Menurut penulisnya begini:
The question of ‘fixed prayer time’ is only relevant to our lives on Earth. If we are no longer on Earth, then the question of prayer times no longer becomes relevant.

Jadi bagaimana seharusnya sholat di angkasa ?
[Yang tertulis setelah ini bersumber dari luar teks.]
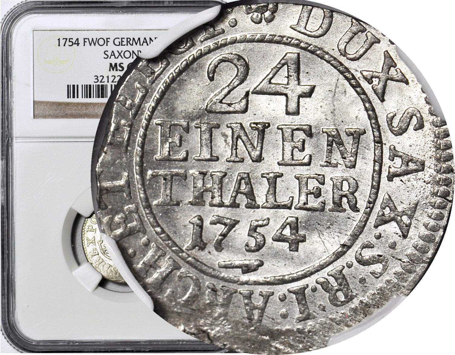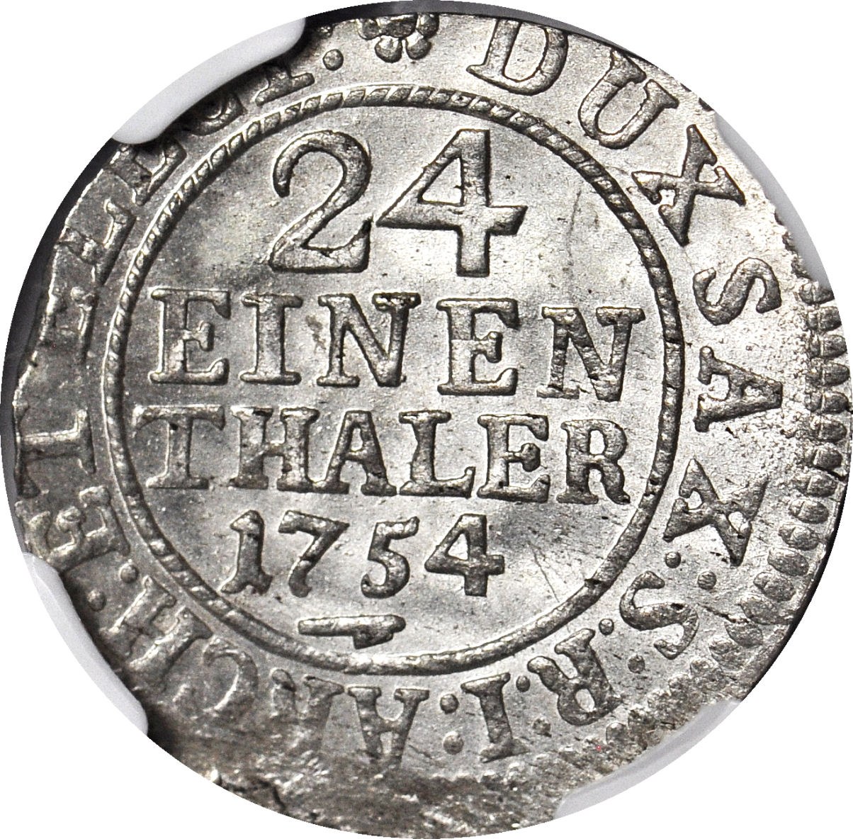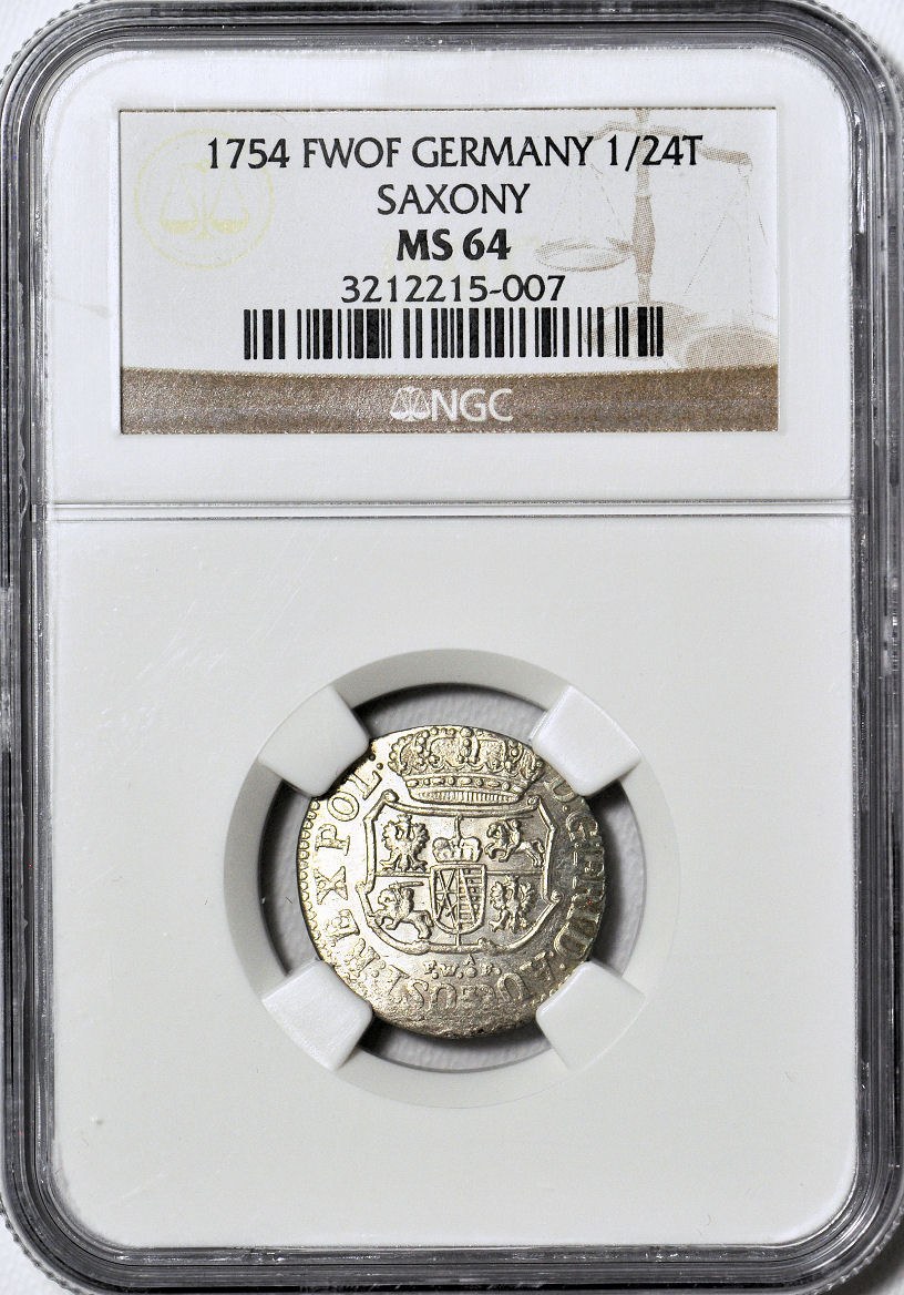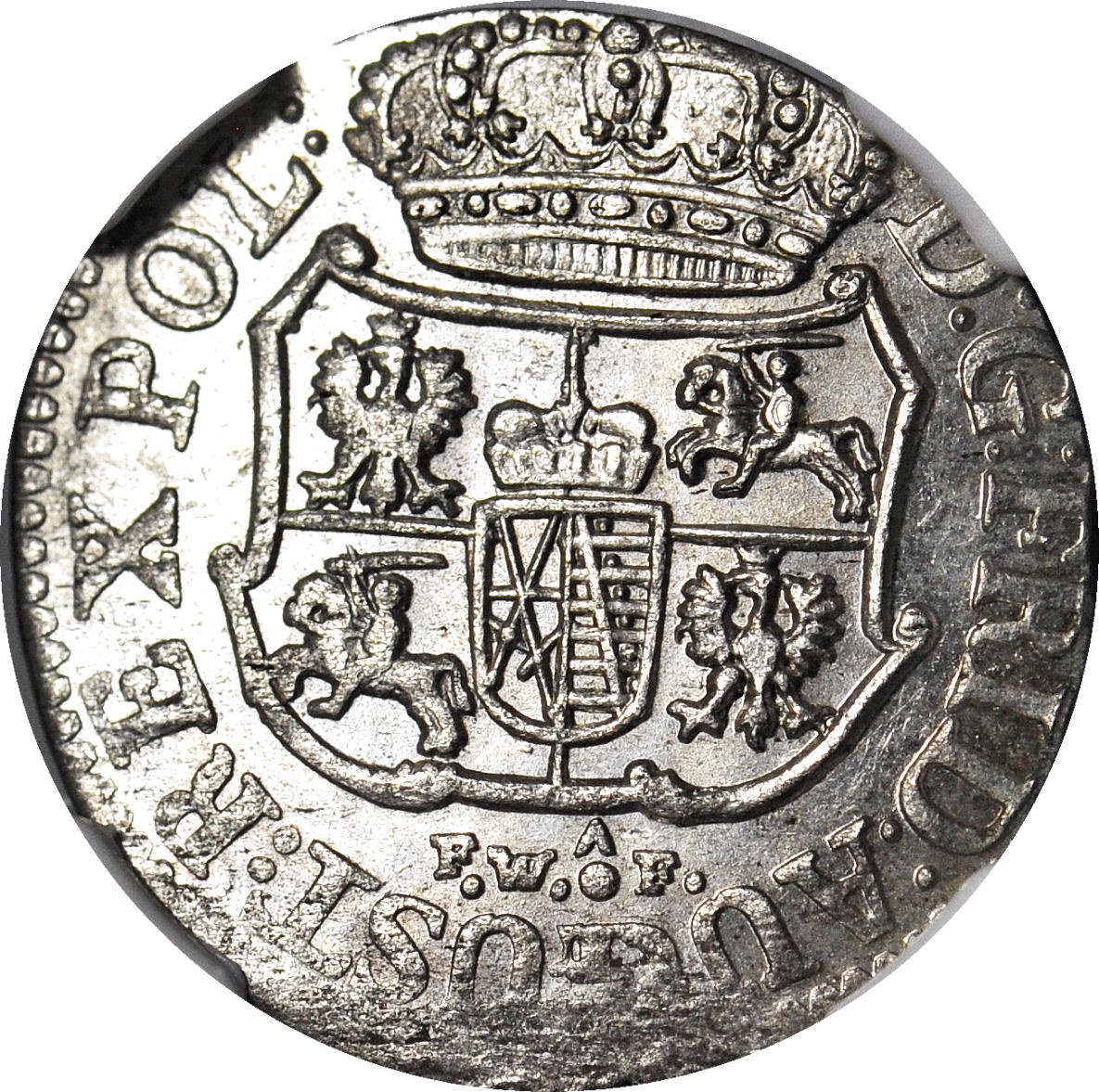 Piękny menniczy egzemplarz z mocnym połyskiem. Druga najwyższa nota NGC, tylko 3 sztuki oceniono o punkt gradingowy wyżej. Odmiana z inicjałami FWôF Friedricha Wilhelma ô Ferala, mincmistrza mennicy w Dreźnie w latach 1734-1763.

Menurut pendapat saya yang sangat awam dengan dalil-dalil ini, maka saya berpikir bahwa sholat yang lima kali ini bukan sekedar berdasarkan atas keberadaan bumi dan matahari. Tuhan menuntun manusia untuk sholat dengan waktu-waktunya itu karena kondisi manusia, bukan sekedar karena keberadaan matahari dan bumi. Sholat itu untuk manusia, bukan untuk matahari ataupun bumi. Jadi berbeda dengan Pak Doktor ini, mnurutku dimanapun manusia itu berada maka manusia masih wajib sholat 5 kali. Tentuunya kalau masih beragama Islam yaitu bertuhankan Allah dan bernabikan Muhammad sebagai utusannya.

Mengapa lima kali ?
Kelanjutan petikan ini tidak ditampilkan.